Anyway, I don't see the point. It's basically an iPhone with a smaller screen, no WiFi, and no cellphone capabilities. Who in their right mind would buy one?
Tuesday Jun 26, 2007
An exciting milestone has been reached in ZFS land. Mark Shellenbaum has just checked into the Nevada gate some bits that will allow non-root users to have access to zfs. The short version: with two new zfs subcommands, 'allow' and 'unallow', a sysadmin can grant specific permissions to users (taking snapshots, setting properties, &c). The long version: see Mark's blog entry I just linked to.
Monday Jun 25, 2007
I took last week off.
Good: rest and relaxation
Bad: Thinking about my current project anyway
Good: spending time with my kids
Bad: Coming back to a very full inbox
![]() |
Good: Getting some work done around the house & garden
Bad: sunburn
Good: Spending time with friends I haven't seen in a week
I think I'll end it there on a high note.

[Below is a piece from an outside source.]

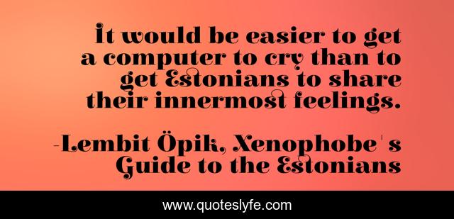 This page presents the quote "It would be easier to get a computer to cry than to get Estonians to share their innermost feelings.". Author of this quote is Lembit Öpik, Xenophobe's Guide to the Estonians. This quote is about culture, estonians, estonia,.

After all, it's been far more good than not.
Wednesday Jun 06, 2007
Matthew Lee Hinman posted a perl script for automatically showing differences in files between the 'current' filesystem and any given snapshot. Looks rather handy.
As a recent video showed (thanks Geoff) even if I'm one in a million, that means there are 300 people like me here in the States. And 1,600 people like me in China. And 6,000 people like me in the world.

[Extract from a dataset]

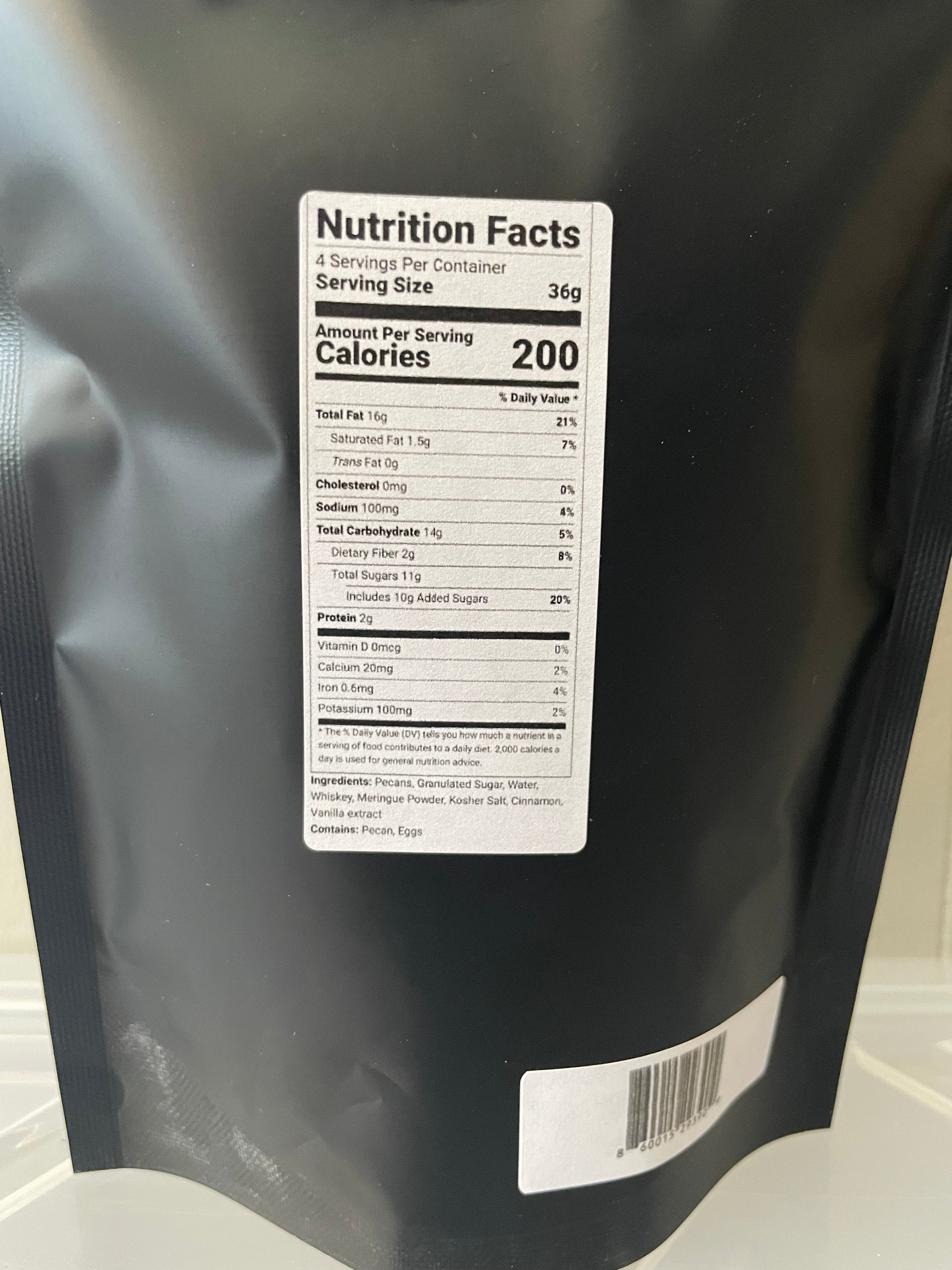 Ingredients: Pecans, Sugar, Whiskey, Kosher Salt, Cinnamon, Vanilla Extract, Water, Meringue Powder, Sanding Sugar

At Sun, there are over 40 people, including myself, with the first name Mark whose last name starts with M. One of them even works on the same project as myself.
So, it was rather vital that, when the OpenID announcement was made today I hop onto the site and grab http://openid.sun.com/markm. Bwa ha ha.
*cough*
There are certainly benefits and drawbacks to having such a common first name. As my last name, Musante, is rather unusual here in the States, it takes the edge off. Moreover, there's an odd affinity one feels for those who share your name. By coincidence, my best friend in High School was named Mark, but no doubt our initial friendship was helped by our name. It's also fun to tease those with alternate spellings as those of you with Jeff/Geoff, or Neil/Neal, or Erik/Eric names are aware. (The spelling 'Marc' is clearly incorrect. And, although Marcus is fine, Markus is just plain wrong.)
The main drawback is that it's SO common. There are over 370 employees at Sun with the first name Mark, and almost 60 with Marc (see? it's wrong!). So when we named our children, we deliberately picked names that were relatively uncommon, but common enough to offset the unusualness of Musante: Alec, Samantha, Zoë. Only one bloke here at Sun is named Alec (although there is an Aleck too). Only 9 Samanthas, and only 3 Zoë's.